There are three administratively separate  timeshares. Willowbrook, the newest and nicest (and deservedly 5*) has condo-style units on separate floors of 2 or 3 story buildings. They include 2br lockoffs as well as 1br units (If I recall correctly). It is somewhat separately located from the other two complexes--a mile or two away.  Split Rock offers free (as I recall) on-call shuttle service for on-site trips. 

Westwoods are 2-story townhouses, 4 or six (I forget) to a building. These units have a jacuzzi tub and a sauna on the lower floor. Westwoods were 5* until a couple of years ago. The Westwoods are, yes, a little time-worn and dated in decor. We think they are ok, but they are definitely not in the Marriott league. The resort is refirbishing these units, but at a snails pace. Westwoods are within a somewhat long but pleasant walk of the Galeria and other Split Rock facilities (except the planned Water Park)

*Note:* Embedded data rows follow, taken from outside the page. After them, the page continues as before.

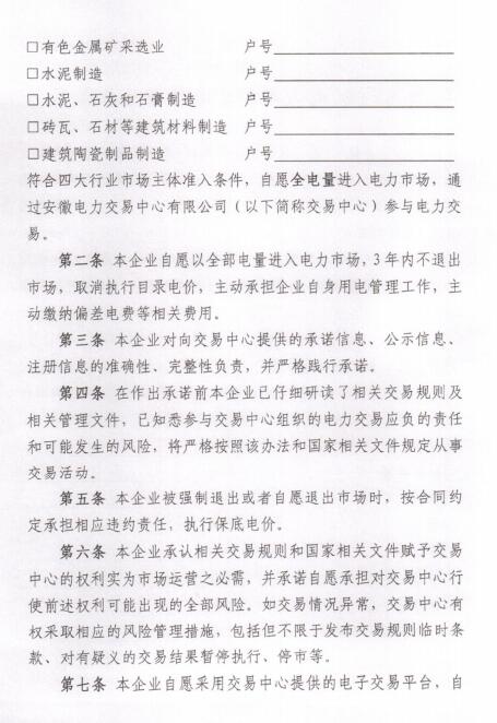 四大行業(yè)用戶可自愿選擇是否參與全電量交易市場,選擇參與全電量交易市場后,原則上3年內(nèi)不得退出全電量交易市場。自愿或強(qiáng)制退出的,原則上3年內(nèi)不得進(jìn)入電力市場,并執(zhí)行保底供電價(jià)格。
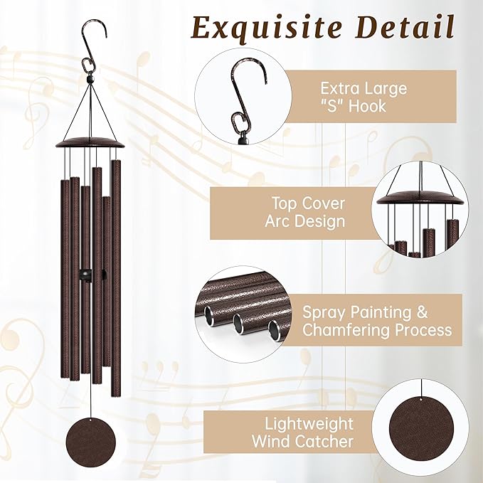 38" Large Wind Chimes with Classic Sound, Coolest Metal Windchimes Outdoors with Pine Wood Striker, Unique Gift for Mom, Garden Decoration(Frosted Brown)
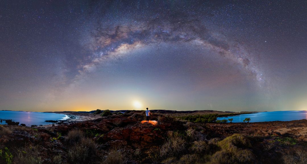 北半球迎接夏季到来之时意味着南半球开始转入冬季。拍摄这张图片是我在巧摄一个月前规划的,那天刚好是周日于是就顺便出去露营,通过踩点后发现一处地方,左右两边是海,银拱正好横跨天际连通两侧海岸。拍摄时间凌晨一点,此时的银拱非常高,月亮已经升起。那晚两个人被蚊子咬了一个晚上,不过还是幸运的没有错过这次银河之眼。
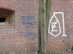 Problem z wandalami pozostawiającymi po sobie „pseudo graffiti” jest znany nie od dziś. Wizytówki „ulicznych artystów” spotkamy w wielu często zaniedbywanych, opuszczonych miejscach. Przykładem mogą być toruńskie forty, z których większość – przez bierność właścicieli – pozostawiona jest na pastwę losu. Od wielu lat toruńskie zabytki architektury militarnej odwiedzają nie tylko pasjonaci fortyfikacji, ale także… pseudo (co warto podkreślić) kibice i. Niestety ci lubią pozostawiać po sobie ślady. Takie pojawiły się ostatnio na murach Fortu VII.
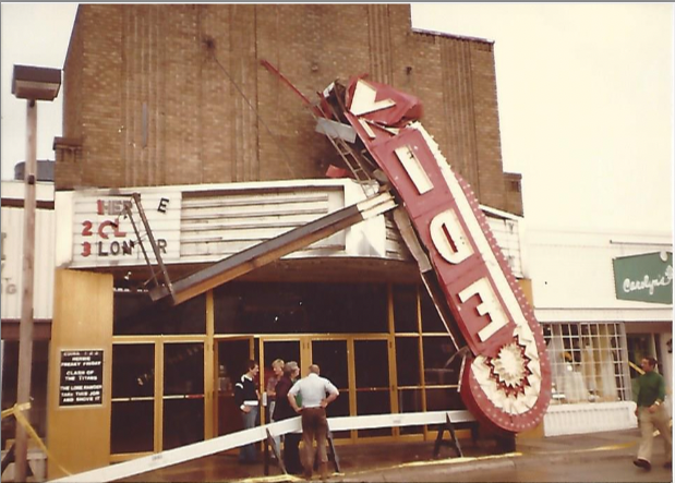 Steve Mann surveys damage to the Edina Theatre sign after a storm in the late 1970s.
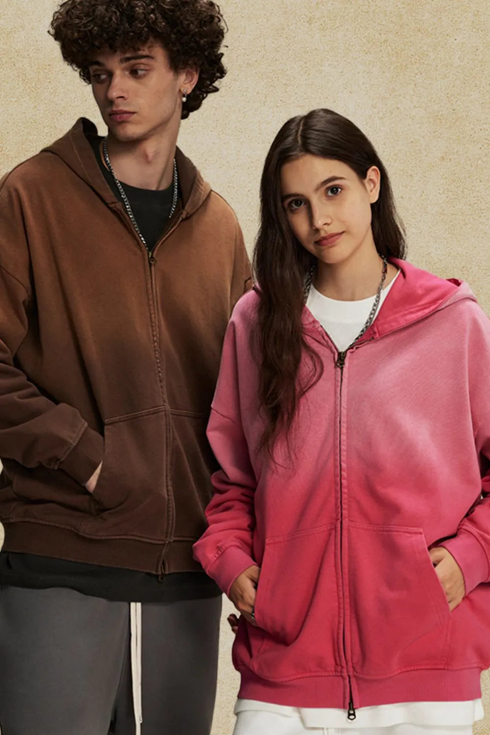 Men's Gradient Zip Up Drop Shoulder Hoodie
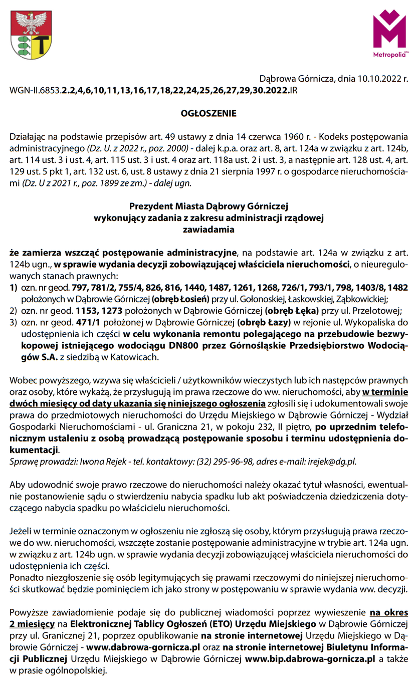 Prezydent Miasta Dąbrowy Górniczej wykonujący zadania z zakresu administracji rządowej zawiadamia Komunikat partneraopublikowano: 2022-10-21 14:52PosłuchajZostań subskrybentemi słuchaj tego oraz wielu innych artykułów w pb.pl

Galeria units are in the large Galeria building, somewhat hotel in style.They come in 2br, 1br and, I believe, efficiency.

A big plus at Split Rock is the variety of family activities available. At the Galeria is the Sportsplex with bowling alley, game arcade, indoor tennis, swimming pool, movie theater (1st run movies), exercise room and spa. And an ice cream parlor, snack bar and restaurant. Also at Split Rock is a beach (sort of) at the lake (Lake Harmony), miniature golf, pond fishing, tennis outdoor pool (what have I forgotten), and soon there will be a water park. As I recall, the golf course has 36 holes. Winter skiing and tubing are available at nearby Boulder and Jack Frost areas. The Water Park is being built near the Willowbrook complex, I've been told, and last I heard (which was quite a while ago) it would be ready this Fall, around November. 

Jack


----------



## Scruntch (Nov 26, 2006)

*Ridge Top at Shawnee*

I would avoid this resort.  It is the only one we have traded into and been displeased with the condition.  I understand there are refurbished units but not the one we were in - very tired and in need of attention.  We were there in October of 2005.


----------



## bigfrank (Dec 9, 2006)

Scruntch said:
			
		

> I would avoid this resort.  It is the only one we have traded into and been displeased with the condition.  I understand there are refurbished units but not the one we were in - very tired and in need of attention.  We were there in October of 2005.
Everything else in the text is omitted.